What this task involves = What is needed is an exact repetition of the lines below, from the first one through the one holding "The Goodman 3", with no pictures and nothing else.

Data below =

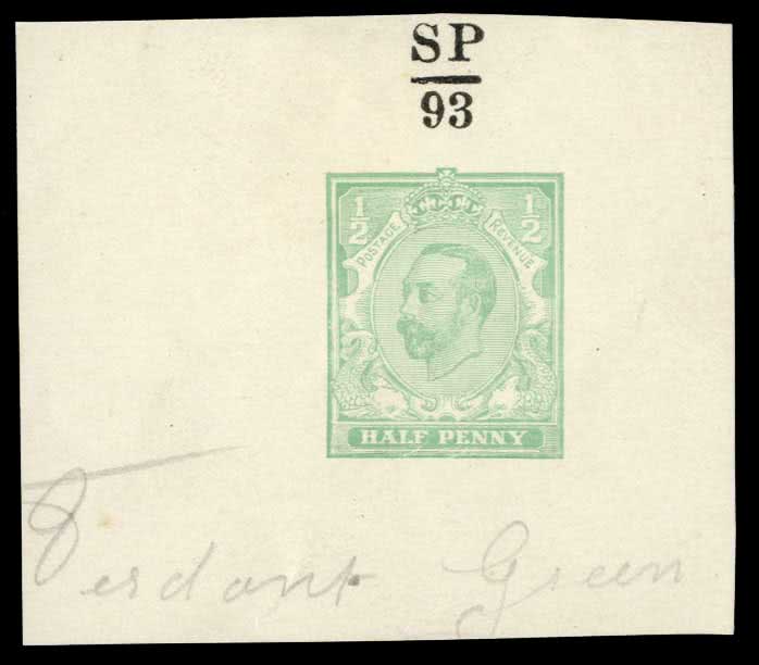 Jersey: 1943-44 1/2d. half sized die proof essay in pale green and red on India paper (132 x 99mm). Photo.
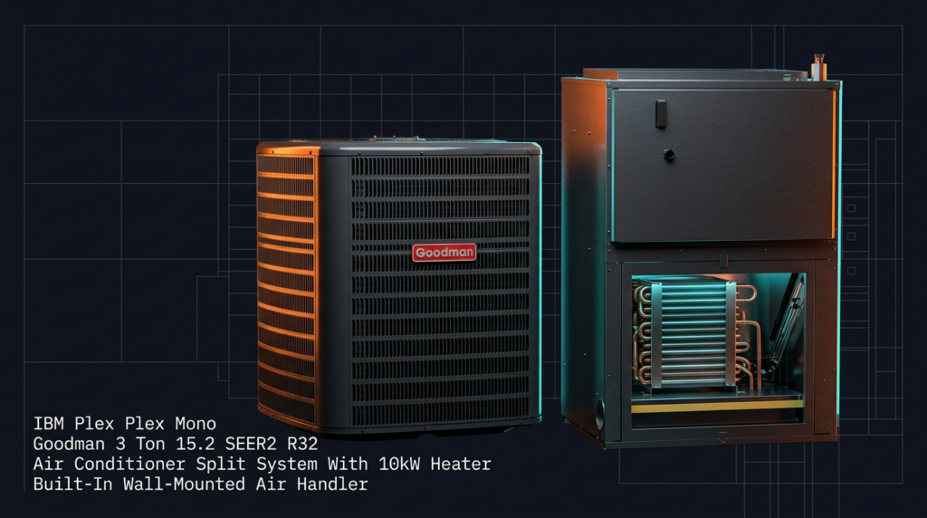 The Goodman 3 Ton 15.2 SEER2 R32 Air Conditioner Split System delivers high-efficiency cooling with integrated 10kW electric heating in a wall-mounted air handler configuration. This system is designed for homeowners and contractors seeking modern R32 refrigerant technology with AHRI certification and energy-efficient performance for residential applications.
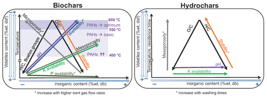 - Direct biochar contribution to nutrient availability relies on the macro- and/or micronutrients that biochar contains and their availability [5,9,10]. This is strongly dependent on the composition of the initial feedstock [10] and on the pyrolysis conditions. High retention of alkali species and P is reported for pyrolysis temperatures below 600–700 °C and low heating rates [12,13,14,15], with increase in total, soluble and exchangeable base cations with increasing process severity [13]. However, Uchimiya et al. [16] showed that NaOH-EDTA extractable P increased at 300–350 °C pyrolysis temperature and decreased at higher temperatures for plant and manure biochars. Hossain et al. [17] showed that total N content and N availability decreased with increasing pyrolysis temperature in wastewater sludge biochars.
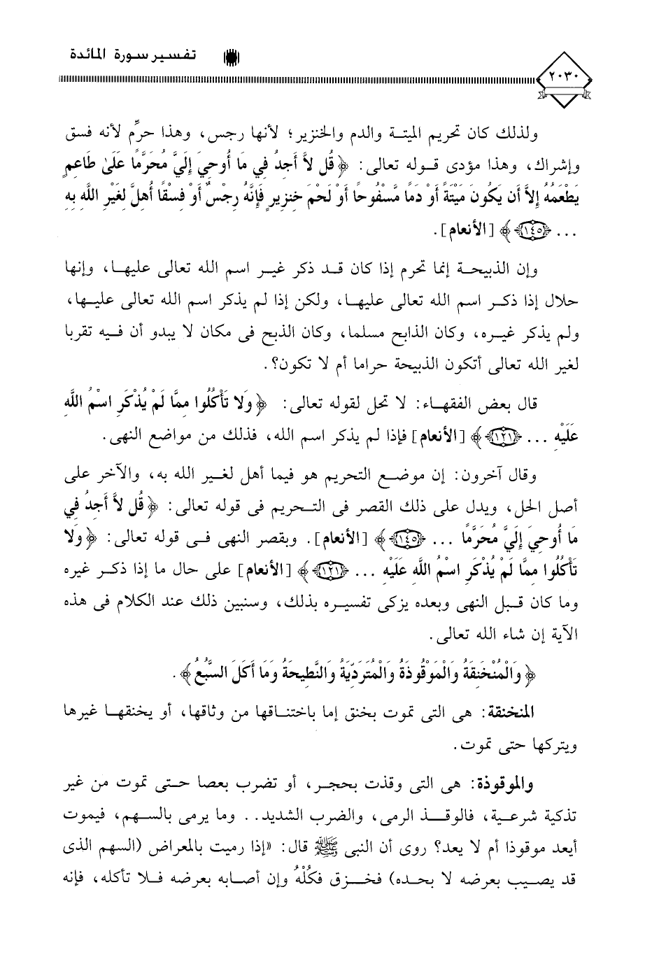 ولذلك كان تحريم الميتة والدم والخنزير، لأنها رجس، وهذا حرِّم لأنه فسق وإشراك، وهذا مؤدى قوله تعالى: (قُل لَا أَجِدُ فِي مَا أُوحِيَ إِلَيَّ مُحَرَّمًا عَلَى طَاعِمٍ يَطْعَمُهُ إِلَّا أَن يَكُونَ مَيْتَةً أَوْ دَمًا مَّسْفُوحًا أَوْ لَحْمَ خِنزِيرٍ فَإِنَّه رِجْسٌ أَوْ فِسْقًا أُهِلَّ لِغَيْرِ اللَّهِ بِهِ).

Output of the exercise =
 Jersey: 1943-44 1/2d. half sized die proof essay in pale green and red on India paper (132 x 99mm). Photo.
 The Goodman 3 Ton 15.2 SEER2 R32 Air Conditioner Split System delivers high-efficiency cooling with integrated 10kW electric heating in a wall-mounted air handler configuration. This system is designed for homeowners and contractors seeking modern R32 refrigerant technology with AHRI certification and energy-efficient performance for residential applications.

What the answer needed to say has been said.